========== Глава первая ==========
— Пожалуйста, присаживайтесь, мисс Грейнджер, — голос мягок и вкрадчив, но пронзает её, как стальная рапира.
Замирая в тени дверного проёма, Гермиона тянет время, позволяя себе свыкнуться с тем, как по венам холодом разливается отчаяние.
Она переводит дух, расправляет плечи и, стиснув зубы, делает шаг из полумрака на свет, коротко поправляя:
— Миссис Уизли.
Голос её звучит спокойно и холодно, но неожиданно в нём тонкой фальшивой нотой звенит откровенная беззащитность. И хуже всего то, что Гермиона уверена: он тоже это слышит.

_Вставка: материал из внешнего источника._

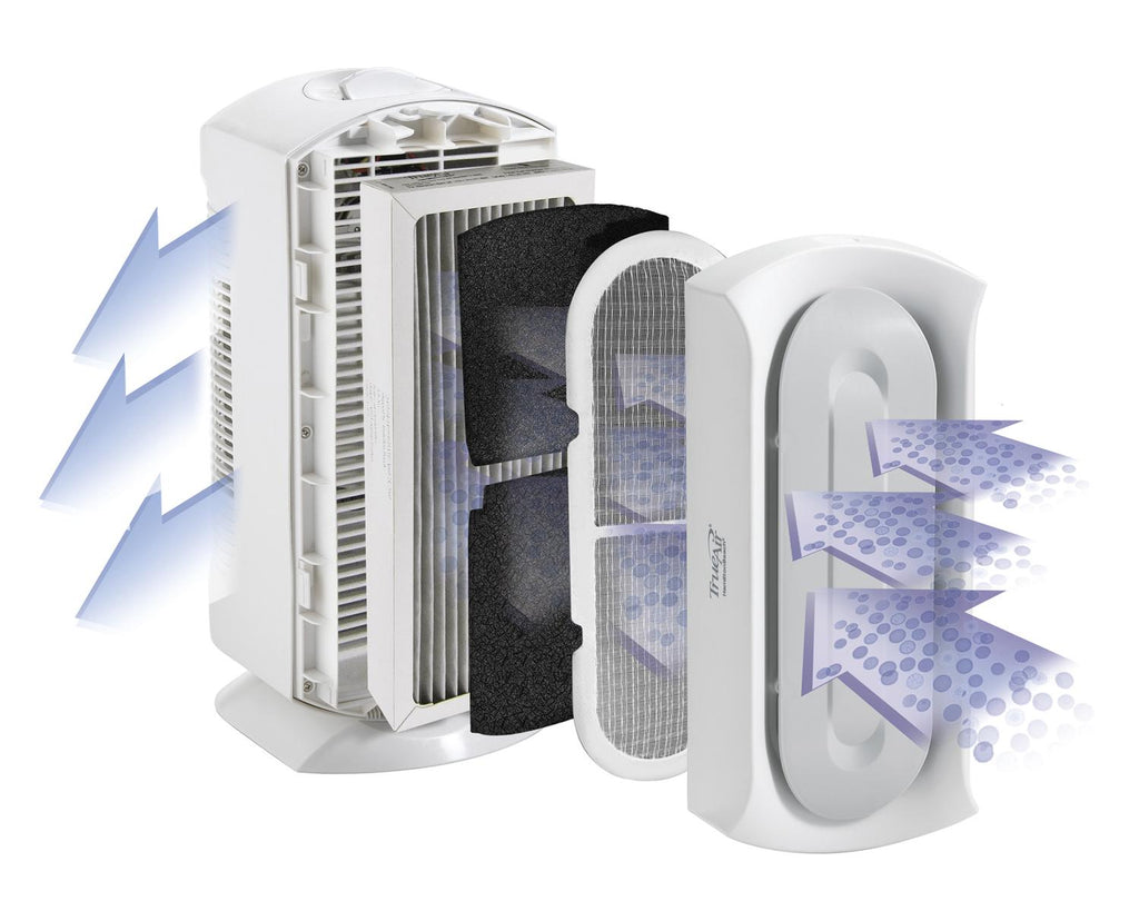 Purificador de aire compacto para mascotas TrueAir de Hamilton Beach Protección completa del aire para los dueños de mascotas. Elimine los molestos olores y la caspa de las mascotas con la tecnología de triple filtración del purificador de aire compacto para mascotas TrueAir de Hamilton Beach. Este sistema de alto rendimiento incluye un prefiltro permanente que captura el pelo de las mascotas y las partículas grandes, dos filtros de zeolita para eliminar los olores de las mascotas y un filtro permanente de grado HEPA para capturar partículas tan pequeñas como 3 micras. Los filtros permanentes se limpian fácilmente con una aspiradora, lo que minimiza el mantenimiento. No se deje engañar por su tamaño compacto y su funcionamiento ultrasilencioso: el purificador de aire compacto para mascotas TrueAir puede proporcionar una potente limpieza del aire en habitaciones grandes de hasta 13 metros cuadrados, lo que lo hace ideal para dormitorios, oficinas y salas de estar. No solo es compacto y silencioso, sino que también funciona en posición vertical u horizontal para una máxima versatilidad. Tecnología de eliminación de olores y filtración de caspa Respire mejor con aire que ha sido filtrado tres veces. Las tres etapas de filtración incluyen un prefiltro permanente para el pelo de mascotas y partículas grandes, dos filtros de zeolita de carbón reemplazables para eliminar los olores de las mascotas y, por último, un filtro permanente de grado HEPA al 99 % para capturar partículas pequeñas, como restos de ácaros del polvo en suspensión, esporas de moho, humo y polen. Ahorre tiempo y dinero con el filtro permanente de grado HEPA El purificador de aire compacto para mascotas TrueAir no arruinará su presupuesto: su prefiltro y su filtro HEPA son permanentes y nunca necesitan ser reemplazados. Protección completa del aire para dueños de mascotas El filtro permanente con filtración HEPA del 99 % ahorra hasta $49 al año en comparación con un filtro de reemplazo comparable Los 2 filtros de zeolita de carbono reemplazables eliminan los olores de las mascotas Rendimiento efectivo para habitaciones de 140 pies cuadrados Filtro HEPA permanente para aspirar 3 velocidades Úselo horizontal o verticalmente

Судорожно стиснув присланное Малфоем письмо, она старательно убеждает себя, что нарочно комкает его, желая продемонстрировать непокорность. А вовсе не потому, что пытается скрыть, как сильно дрожат руки. Хотя душа её содрогается в томительном предчувствии.
Гермиона поднимает глаза, в ту же секунду их взгляды сталкиваются.
И в этом противоборстве всё: их сложные взаимоотношения, ненависть, обиды, недоверие, отвращение… бесконечная борьба за влияние и превосходство друг над другом: его — с позиций властного подчинения, её — с точки зрения морали. То, что всегда стояло между ними. То, что уже стало чем-то вроде притчи во языцех.
Но Малфой только тихо и небрежно роняет:
— О, конечно… Как бестактно с моей стороны, — ленивой улыбкой тут же опровергая любую, самую ничтожную возможность того, что всё произошло случайно. — Пожалуйста, присаживайтесь, миссис Уизли.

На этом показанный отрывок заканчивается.